What steps is the Minister taking in this area—not just because it is the right thing to do, but because it is essential for our own security—to ensure there is institution building within sub-Saharan Africa to discourage individual Government officials from engaging in corruption? What structural reforms do the Government intend to make our aid dependent on, in order to root out those who enrich themselves at the expense of those they are supposed to serve? To what extent is our international aid delivered in a manner designed to ensure that it does not find itself in the wrong places and, more importantly, in the wrong pockets?

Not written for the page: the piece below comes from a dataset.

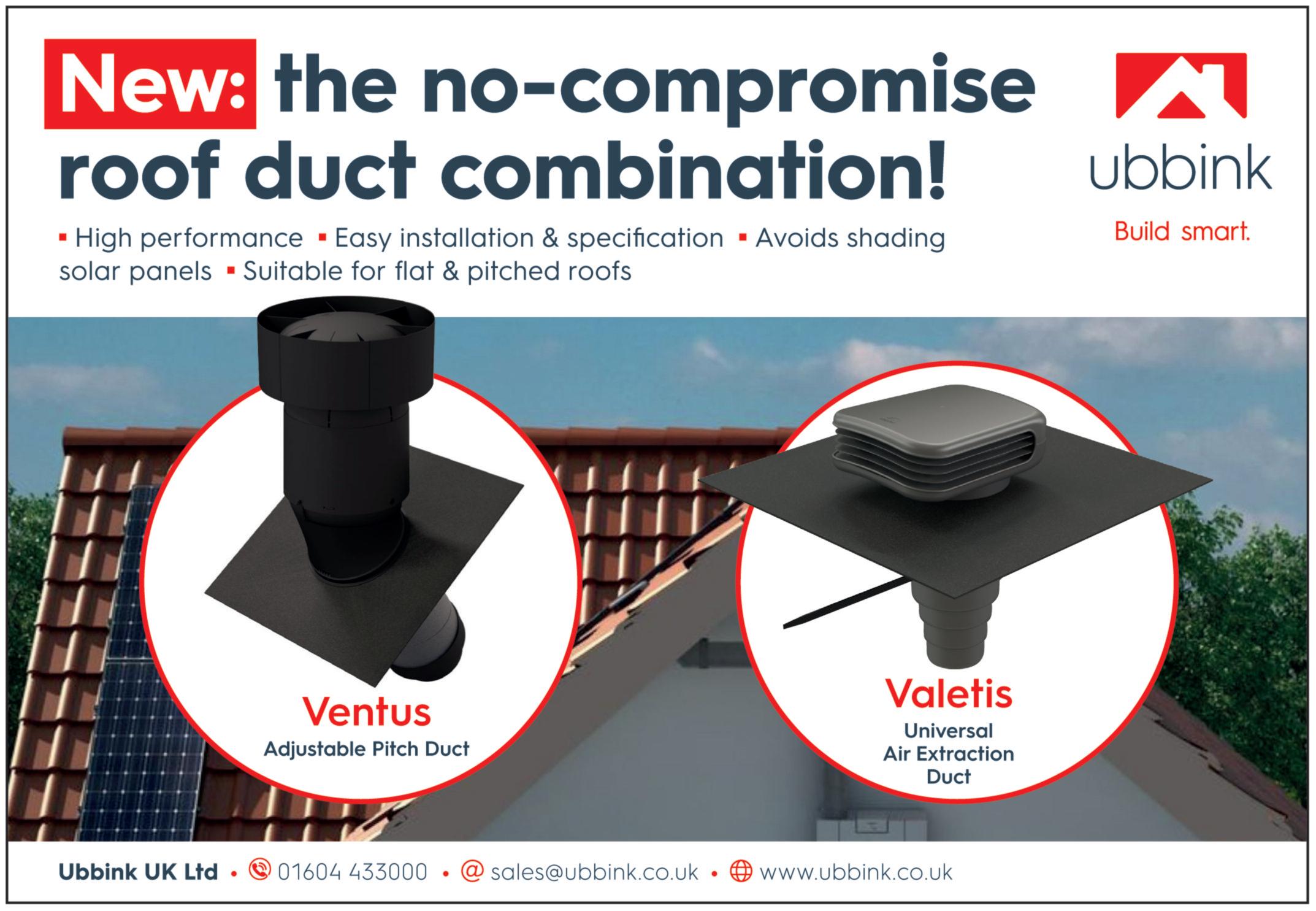 Ubbink’s two all-new terminals are said to o outstanding performance with increased mechanical ventilation efficiency. The Ventus insulated roof duct, for example, is designed for both air supply and extraction, on flat or pitched roofs and it can be easily adjusted for pitched roofs between 15° and 55°.

DFID’s role is crucial. Having met, indeed enshrined in law, our commitment to spend 0.7% of GNI on international aid—a decision not always popular, but again essential for our national security—DFID’s efforts in stamping out corruption, while well meaning, none the less give cause for concern in some areas. As the Independent Commission for Aid Impact pointed out in its 2014 report “DFID’s Approach to Anti-Corruption and its Impact on the Poor”,

“DFID’s anti-corruption activities have demonstrated certain achievements but have had little success in reducing the effects of corruption, especially as directly experienced by the poor.”

The report went on to point out that DFID had

“little understanding of what is working with respect to its anti-corruption activities”

and

“does not fully understand which of its activities are addressing corruption or how they will make a difference.”

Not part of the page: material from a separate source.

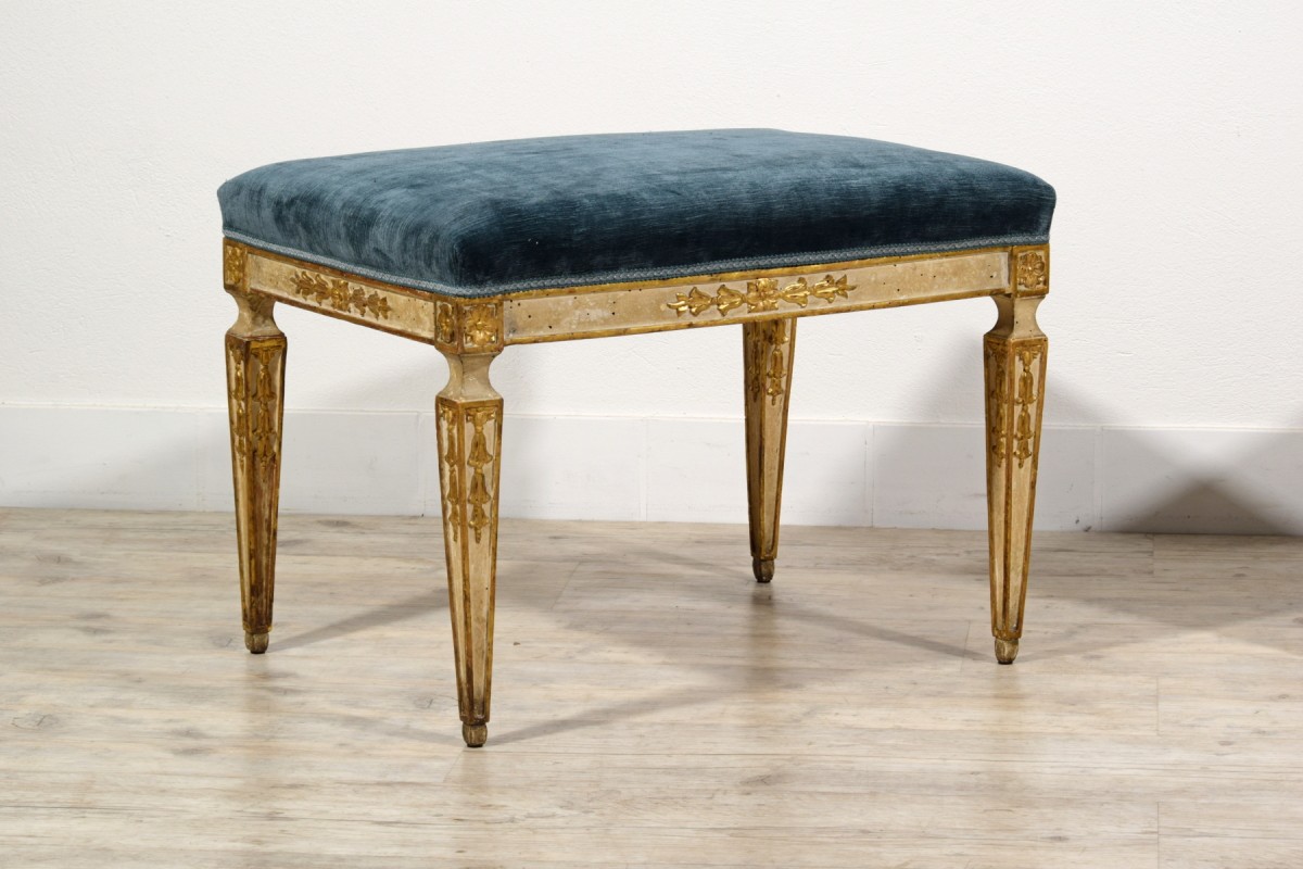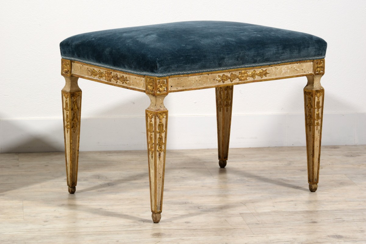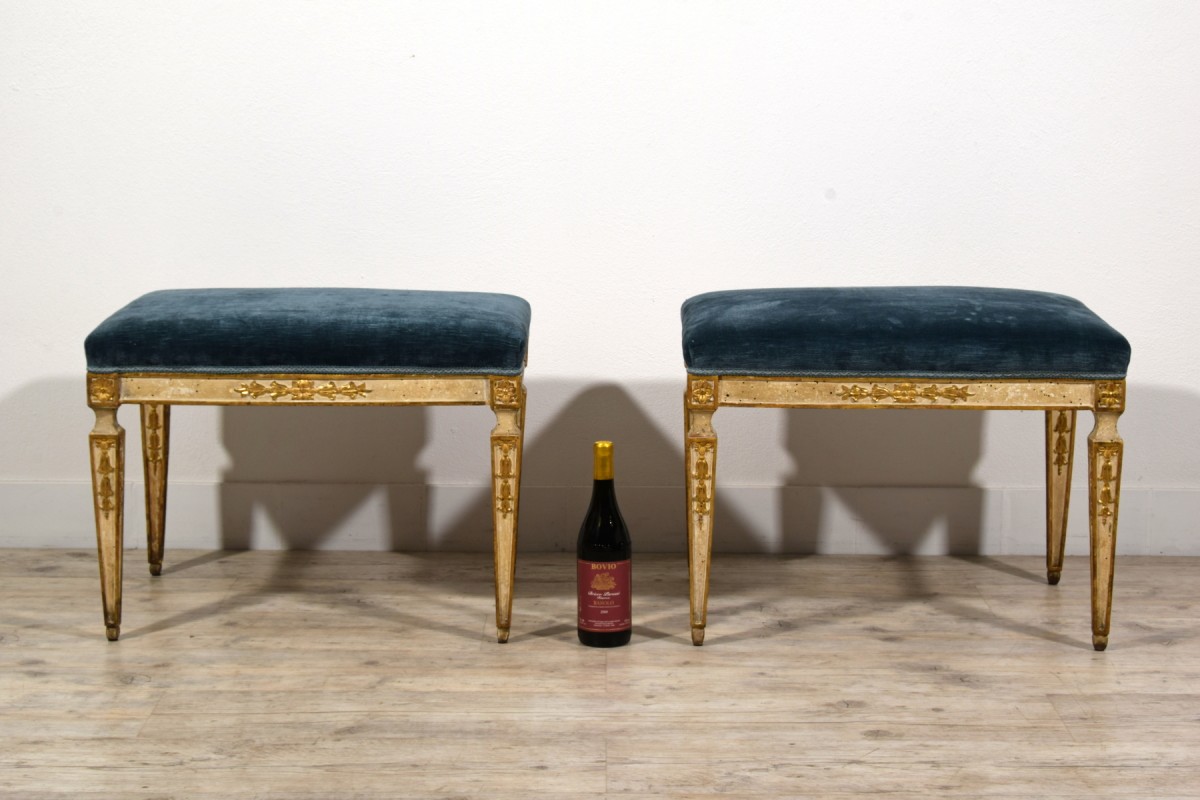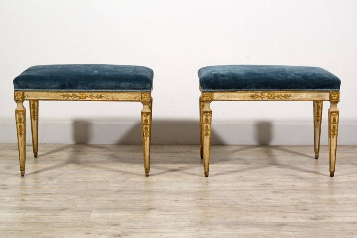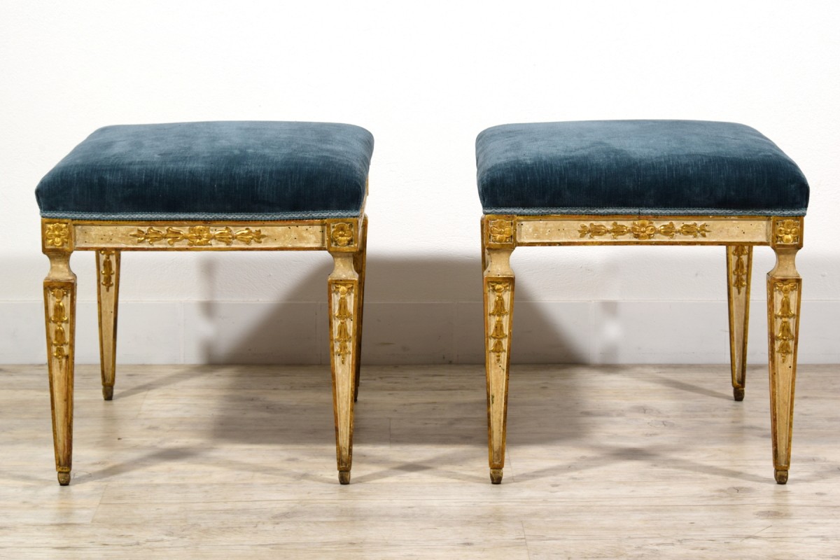 This pair of center stools was made in Naples towards the end of the 18th century, during the Neoclassical period.

I appreciate that the Minister is new to his job, and that the Department is always well meaning and more often than not effective in delivering its objectives, but he has to tell the House how it is that, rather than merely paying lip service to the anti-corruption agenda, he now intends to bear down on something that hits the very poorest people in the world the hardest. More bilateral aid must, I say to him, go to the anti-corruption effort. All bilateral aid must be conditional on corruption, in all its forms, being stamped out in the countries to which it is given. If we really want to tackle poverty in the developing world and improve our security, adopting the sustainable development goals this year is all well and good, but part of that effort has to focus, in a way in which it has seemingly not to date, on the eradication of corruption as a way of life, and as a way of government, across the whole of Africa.

Why is that? Let me end where I began, for I must tell the House that the procurement manager and the mother with whom I began my speech are real people. I have spoken to them. I have witnessed the wealth of one and the poverty of the other, and I have played football with the sons. Like other boys across the developing world, theirs will not be an easy life, but it will be a great deal easier and more likely to be worth while if, in growing up, they do not need to bribe their way through school, university and into a job, paying teachers, university professors, lawyers, policemen, judges, healthcare workers and managers to perform the functions for which the state in which they live is already paying on their behalf.

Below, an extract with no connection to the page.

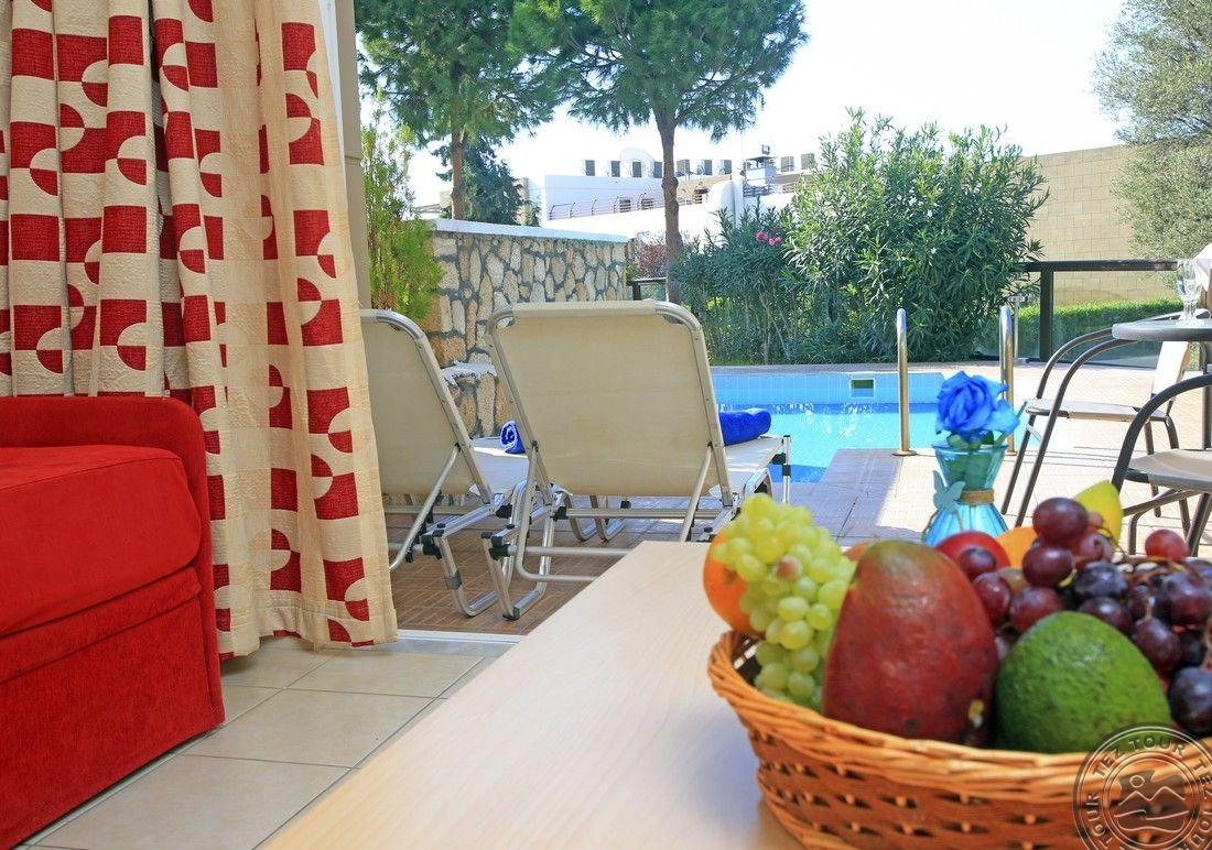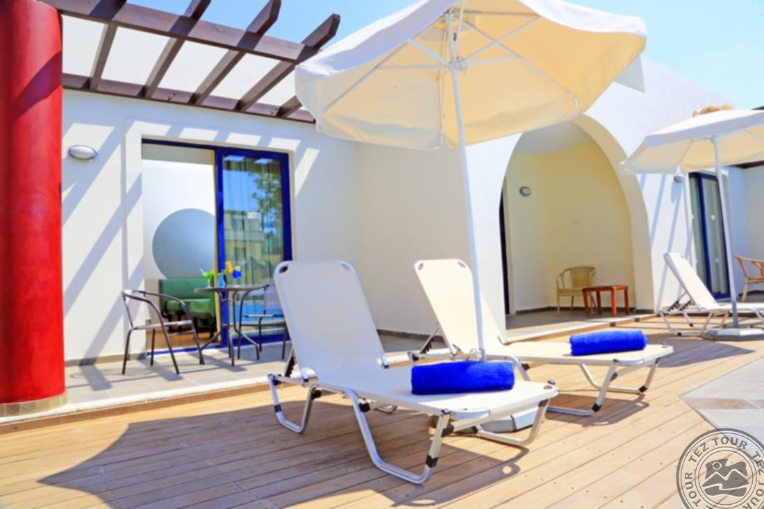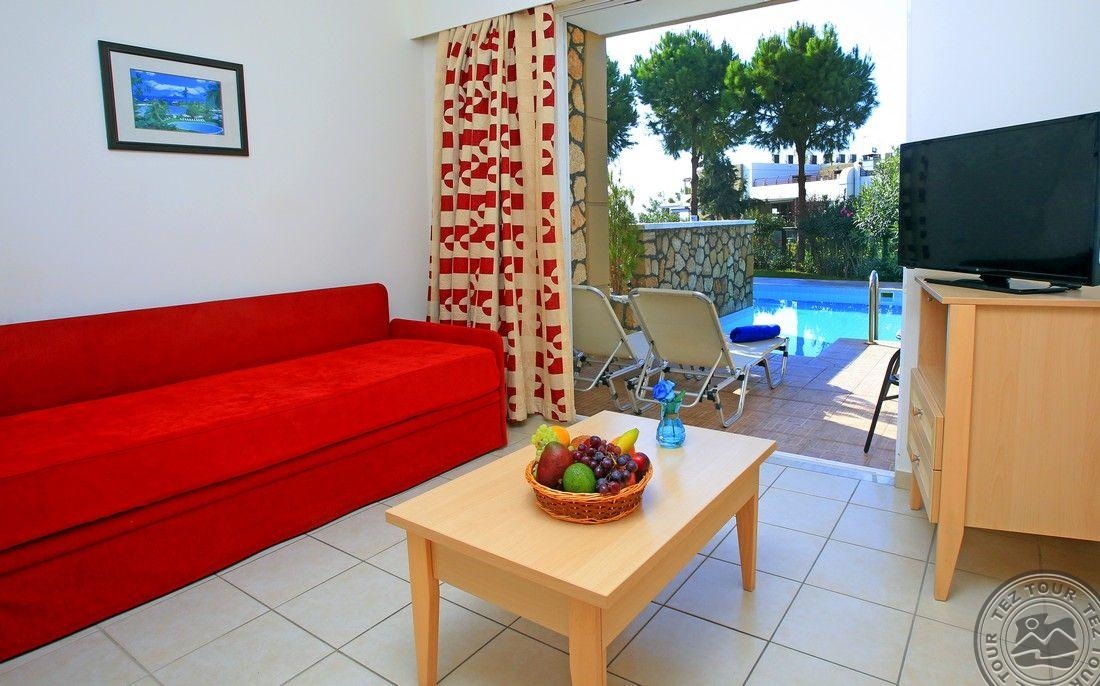 family room PV tipo numeriai (su vaizdu į baseiną, miegamasis ir svetainė atskirti durimis, pagrindinė lova – 2 viengulės lovos, papild. – sofa arba išlankstoma lova, išsidėstę prie baseino, maks. 3 + 1 asm., 30 m2);

Morally, we owe such boys an obligation to do all we can to stamp out the corruption that robs them and their fellows of their futures, and keeps them in poverty. Lest it be thought that it is not in our interests or not our problem, I end merely by pointing out that, if we do not act, it is they a future Home Secretary will be dealing with at Calais or, worse, on the beaches of some foreign shore where a poverty of existence made possible by corruption has given rise to a radicalisation which is at once both perverse and avoidable.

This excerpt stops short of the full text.